Yields on The Bond Buyer's municipal bond indexes fell for the fifth straight week in a row, reaching or approaching their lowest levels in over a decade.
The declines were spurred by persistently strong demand and more evidence of an anemic economic recovery.
The 20-bond index of general obligation bonds declined to its lowest level in nearly 13 years, dropping four basis points, to 6.38% from 6.42% last week. It is now at its lowest level since Aug. 30, 1979. when it was at 6.36%.
The daily Municipal Bond Index's yield to maturity reached a record low for the third consecutive week. The daily index's average yield to maturity fell eight basis points to 6.45% from 6.53% last Wednesday. The Bond Buyer began calculating the yield to maturity on Jan. 1, 1985.
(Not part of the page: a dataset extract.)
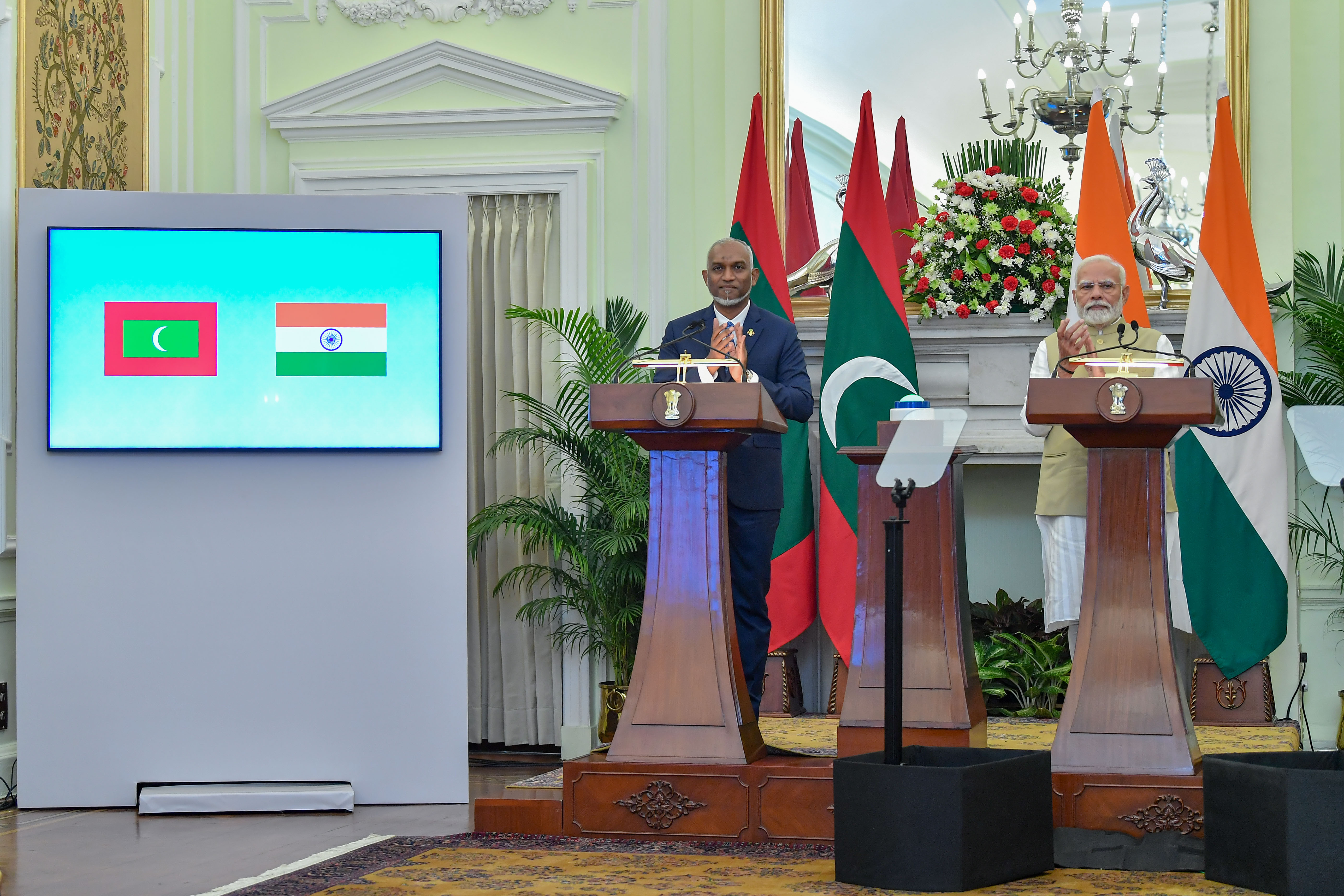 President His Excellency Dr Mohamed Muizzu has delivered a press statement at the Hyderabad House, New Delhi, as part of his ongoing state visit to India.

Part of the yield to maturity's decline can be attributed to Wednesday's revision in the list of 40 bonds used to calculate the Municipal Bond Index. Nine bonds in the index were replaced by new issues, pushing the average coupon rate down to 6.40% from 6.47%.
The 11-bond index of general obligation bonds fell two basis points to 6.29% from 6.31% last week. The index is just one basis point above its 1992 low of 6.28%, set on Jan. 9, which was the lowest it has been since it was 6.23% on Sept. 27, 1979.
The 30-year revenue bond index's yield was off three basis points, to 6.55% from 6.58%. The index is just two basis points above its all-time low of 6.53%, set Jan. 9 of this year. The revenue bond index began on Sept. 20, 1979.
The long-term U.S. Treasury market did not perform as well as municipals, as the 30-year government bond's yield edged one basis point lower, to 7.75% from 7.76%.
Investor demand for municipals has been so strong that no even a record volume of sales has been able to dampen the price rally. According to preliminary figures compiled by The Bond Buyer from Securities Data Co.'s data base, $111.75 billion of municipal bonds were issued in the first six months, a whopping 58% increase from the $74.16 billion sold in the same period last year.
"In spite of the fact that the market should be choking on supply, there just isn't enough," said George Friedlander, a managing director with Smith Barney, Harris Upham & Co. "If anything, there is a shortage.
"There's a lot of money pointed to our [municipal bond] market because of the large amount of bond calls, the ridiculously low rates in short-terms, money rolling over from certificates of deposit. We've been able to absorb a shocking amount of volume without batting an eye."
The persistence of this powerful demand for bonds also has brought some issuers to the market, said Robert Chamberlin, senior vice president of municipal research/marketing with Dean Witter Reynolds Inc. "The length of the process of rates gradually coming down has brought in a multitude of issuers who might not have otherwise sold bonds in the market," he said.
Mr. Chamberlin pointed to the first-half rise in new-money issues, which jumped 16%, to $63.96 billion from $55.06 billion a year ago, as indicative of just how strong the lure of low rates has been to a wide spectrum of issuers.
He also noted that "capital formation is intense in both the stock and corporate markets ... which has helped municipals perform in a big way."
Economic reports also helped move bond yields lower this week. On Tuesday, the Chicago Purchasing Management Association reported that its monthly business barometer edged slightly higher in June, to a seasonally adjusted 55.7. An association spokesman said the increase indicated "a steady-as-you-go course which verifies the anemic recovery of the economy to date."
In another report Tuesday, the Conference Board's consumer confidence index slipped in June, to 71.7 from 71.9 in May, after rising almost 25 points over the past three months. Economists had expected the index to climb to 73.5.
For the most part, however, the markets continued to wait for today's report on unemployment in June, with expectations of a modest rise of 75,000 in non-farm payrolls, and for a Federal Reserve Board ease in monetary policy.
"It's a spy-versus-spy game against unemployment," one trader said. "If the economic data are good for bonds, there's nothing keeping us down. But bidding bonds at these levels makes you nervous - you have to worried at these levels."
A trader said he believed the lower rates were totally justified, adding, "It's possible they could go to even lower levels for the balance of the year."
Mr. Chamberlin, however, expressed reservations about lower rates, saying that "each quarter-percentage blip in the weekly indexes is a matter of concern for the retail side. If the index falls below 5%, for instance ... how will we move all this prime paper?
"Of course, I don't think anyone's thinking about that now," he said.
In the short-term note sector, The Bond Buyer's one-year note index was unchanged at 3.04%.